Robert Browning referred to the ‘impersonal splendor’ and in Unity we talk about repentance as a rethinking or metanoia – a remembrance of things divine. Although it seems that Spirit is hiding from us, in Truth it is we who are hiding from Spirit. When we remember who we are as limitless expressions of the Universe our potential comes out of hiding and becomes radiantly alive in us.

So George’s last CD, Brainwashed, although it explores the sense of numbing alienation and hopelessness that can, at times, rule our bodymind, it is ultimately an album of victory and peacefulness. It ends with an ancient Hindu chant to Shiva sung as a duet by George and his son Dhani.  Its message is clear: life is strange, often confusing and full of snares and sorrows but it is also beautiful and worthwhile.  Peace is guaranteed to the open heart.

The song ends with the chorus sung twice but the penultimate chorus has some powerful verbal charges that reinforce the interior nature of awareness. ‘Turn within’, we often say in Unity as we begin our meditations; ‘the Kingdom of heaven is within you’ says Jesus in Luke 17:21.  It is when we enter this inner awareness and focus on the still point at the heart of us that we appreciate that it is the truth of everywhere.

“And in the rising sun you can hear your life begin

And it’s here and there, nowhere and everywhere…

…Oh the rising sun and the place that it’s coming from

Is inside of me and now I feel it constantly.”

Two words leap out at me from these verses. First, the Presence is nowhere and everywhere. The spacious emptiness of Spirit guarantees fullness.  A cup, for example, must be empty to be filled. Unconditionality, relaxing into the seeming unknown, is a sane and safe approach to life. We are all, in varying degrees control freaks.  In little or big ways we want to make life certain through habit and preference. The invitation from Spirit is to let go of the futile attempts to control the magnificently uncontrollable universe. Relax, all is well, the wisdom of the Presence is always dependable and true.

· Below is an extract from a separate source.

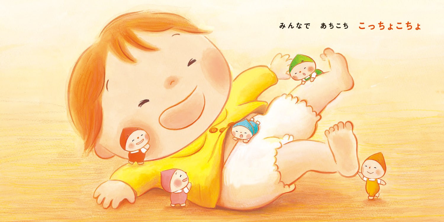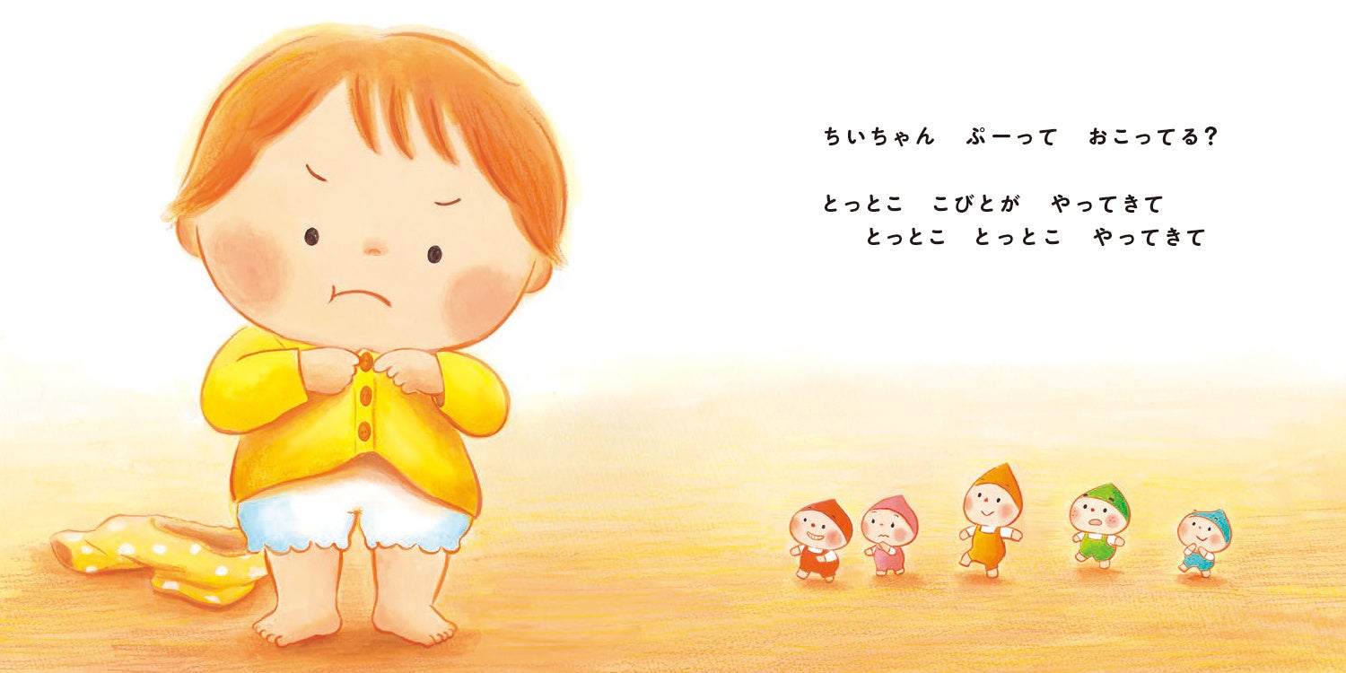 絵本の中でちいちゃんのところに何度もやってくる「とっとこ こびと」。それは、周りにいる大人の指のこびとです。この絵本では、ぬくもりのある指先を優しいこびとに見立てる遊びを取り入れながら、親子でスキンシップを楽しむころができます。

It is exactly as we release and simply let be that the sun rises and showers its radiance and joy into our lives.

The other word that strikes me is ‘constantly’: ‘I feel it constantly.’ When we connect to the timeless, to the infinite moment, we realize it is a constant presence.  We may forget it but it does not forget us.  And the good news is that it is just a moment of remembrance away.

I like to think that George was in this awareness of Presence when he passed from this world. Whether he was there constantly or not, I know he realized its constant presence for him and for us. It is what makes this song ‘The Rising Sun’ so memorable and so inspiring.

Remember, as you go along life’s way on this apparent journey of life that you are the rising sun, the effulgence of light and love and joy that brings such beauty and soul satisfaction into our world.